I am, after all, not the world’s policeman.
He holds out his hand. I try to shake it, but he wrestles me to the ground and sticks a Q-tip in my mouth and swabs.
“Obviously, you did not need to take my DNA by force,” I say.
“Hindsight is twenty-twenty,” he says. “See you soon.”
NEXT I FIND myself in the magnificent manse of movie star Mandrew Manville (formerly Cheryld Ray Parrett, Janior), met by his two flying (via jet packs) manservants Mudd and Molloy. They are ancient now, as old at least as Ingo when I first met him.
“We’ve been expecting you,” says the skinny mustachioed one I take to be Molloy, hovering in front of me. “I’m Mudd,” he adds.
“I took you to be Molloy,” I say.
“That happens,” says the other one, also skinny and mustachioed, who I know by deductive reasoning must be Molloy.

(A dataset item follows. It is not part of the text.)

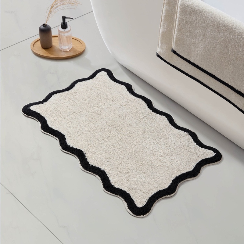 Kos Scalloped Bath Mat – Black

“I must be Molloy,” he says. “I don’t choose to be Molloy, but I must be because these are the cards I have been dealt, and just like each of us, I must play the cards I have been dealt.”
I smile because I have no idea which facial expression is called for right now.
Apparently, I chose incorrectly, because Molloy lands, lunges at me, and attempts to swab my inner cheek with a Q-tip.
Mudd and Molloy are senile, I suspect. They offer me tea, then immediately offer me tea again. I say, “yes, please,” and they bring me an eggplant and a straw.
“Eggplant in French is aubergine,” I say.
“Eh guh guh guh guh guh gug guh,” says Molloy, mocking me, I think.
They both fly off, and I am reminded of my childhood cartoon companions, Hegel and Schlegel. They flew, too. And were a comedy team of sorts. It occurs to me that I am also half of a comedy team. Except in my case, it is unwillingly and I do not know who my partner is. The universe? I am the perfect buffoon for this time—the arrogant idiot—and I do not like it at all. Why can’t I be the straight man? I envy Molloy his transformation. But of course Molloy exists in the world of fiction, the only place where transformation is possible, even required, for we as a species need our hope, our character arcs. We need to be assured that this, too, shall pass.
“I have finally learned to love,” Molloy shouts down to me, as he flies by again overhead.